We’d moved the year before, out of state and out of culture. Thanksgiving was shaping up as friends going out of town to be with relatives, so we’d planned a quiet weekend at our homestead.
This was not a problem; we’re not big on commercial holidays, preferring to recognize the Earth-centered seasonal markers usually found beneath the layers of marketing distortions. I remember one year when a work colleague bemoaned the approach of this Big Family Day signaling the start of a season of "oughts" and obligations. She wanted to go skiing but "needed" to put in an appearance with her family who often squabbled of late over her sister's antics. She was distraught, torn between having a memorable time with friends, dutifully filling a chair and listening to bickering, and the pictures implanted in her head of the Perfect Hollywood-Hallmark Happy Family.

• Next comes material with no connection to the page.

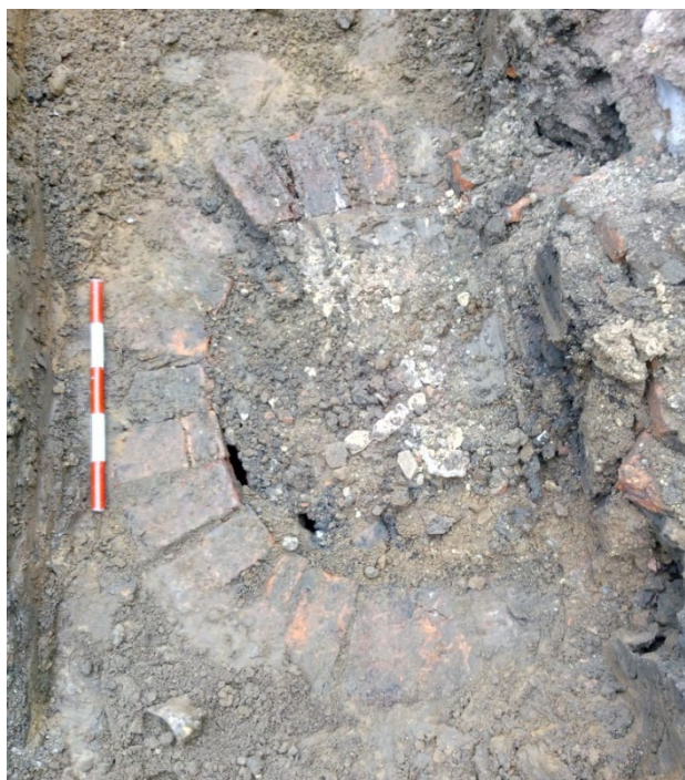
Plate 2 Brick lined well, view north-east

"Aren't holidays supposed to be fun?" she remarked. "Well, if they aren't, why do you continue to go?" I asked her. It's important to be with family when we want to be and when they need us, but it's not important to follow a commercially imposed script.
On Monday, my husband came home from work with a flier in his hand. “Ginger’s” cafe where he ate lunch was a popular place, usually crowded at lunch time. We’d also been there several times for breakfast on the weekends and it was crowded then, too. The flier announced that all Ginger’s customers not otherwise engaged were invited to a Thanksgiving potluck to be held in a community room at the shopping center where her cafe was located, and open to those with no particular plans for the day.

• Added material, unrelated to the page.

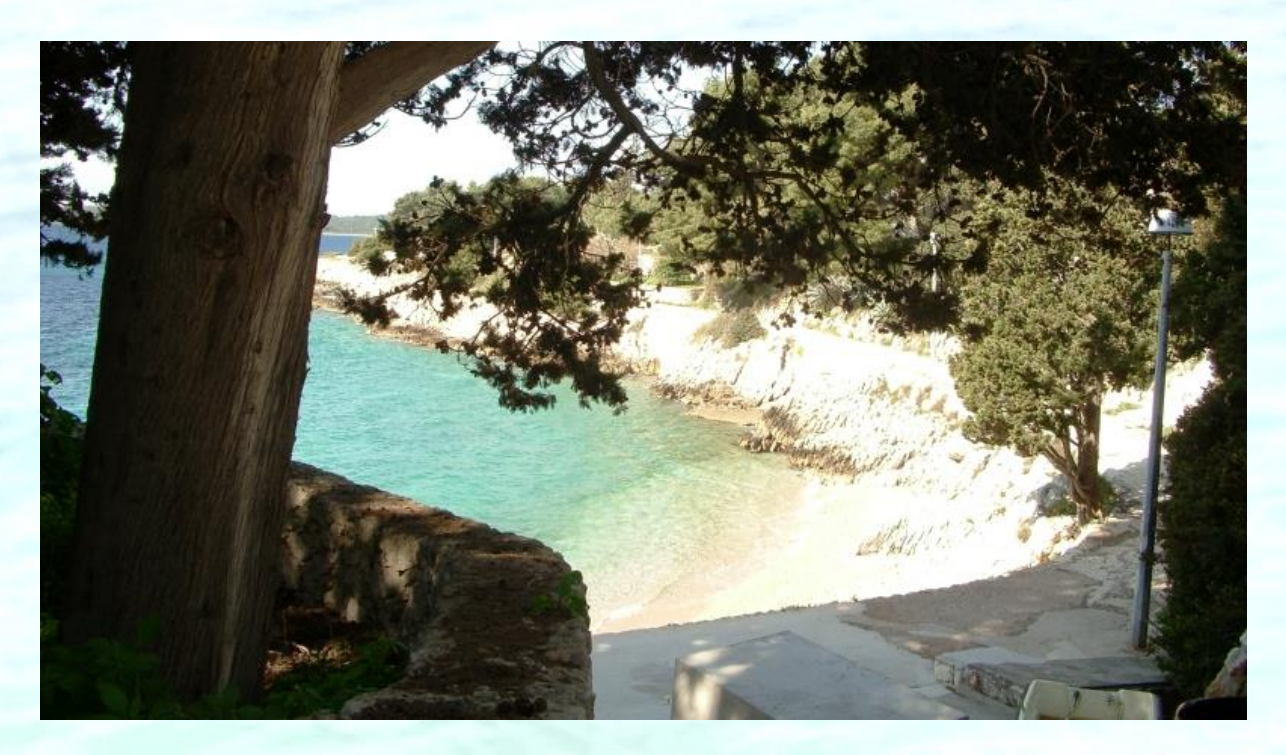
Picture 6: A path to the pebble beach with small white stones leads to the beach (80 m)

Ginger and her husband would provide coffee, tea, soft drinks and the turkeys. I think she divided guests’ contributions alphabetically (A through H, appetizers or salad, I through P, side dishes, and the dessert group), but she made it clear you could bring whatever you wanted if the alphabetical guidelines didn’t work for you. We decided she had a great idea. While we knew only one of her other customers, we were acquainted with Ginger and her husband, and we were up for something different.
Thanksgiving Thursday arrived brisk and sunny, and when we showed up at the appointed hour there were quite a few people there already. We checked in with Ginger, added our contributions to the quickly filling tables and ourselves to the growing line as yet more people came in the door. And we thought we were probably the only ones kicking back solo over the weekend!

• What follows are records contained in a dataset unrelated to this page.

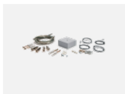
00-00333, W suspension set 2000mm, 4 pcs.of wires, cable 5x0,75mm, ceiling cup
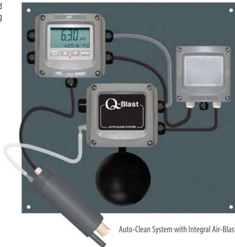
Auto-Clean System with Integral Air-Blast

A Blast of Air keeps the Auto-Clean Sensor Clean!
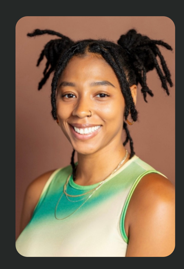
CrazySexyCraft Beer Education & Experiences

Crafted Fellows is an annual accelerator program that supports and empowers BIPOC owned beverage industry businesses by offering strategic support during the Crafted for Action Craft Beer Conference and beyond.

When our plates were full we turned to face the next step - looking for a place to sit and prospective conversation partners - when another couple approached us asking if we’d like to find a table with them. We would. We did. The food was good and the conversation turned out to be especially fun. We hit it off immediately with our new acquaintances who are still friends some sixteen years later, having passed various holidays at each other’s homes. We would probably have met them eventually through some other community activity, since we shared several interests, but this simple alternative to the Perfect Happy Family Day was an ideal introduction.
Ginger and her husband retired and closed their cafe, but I often wonder how many other friendships began at that potluck, all because one woman had a good idea about doing things a little differently.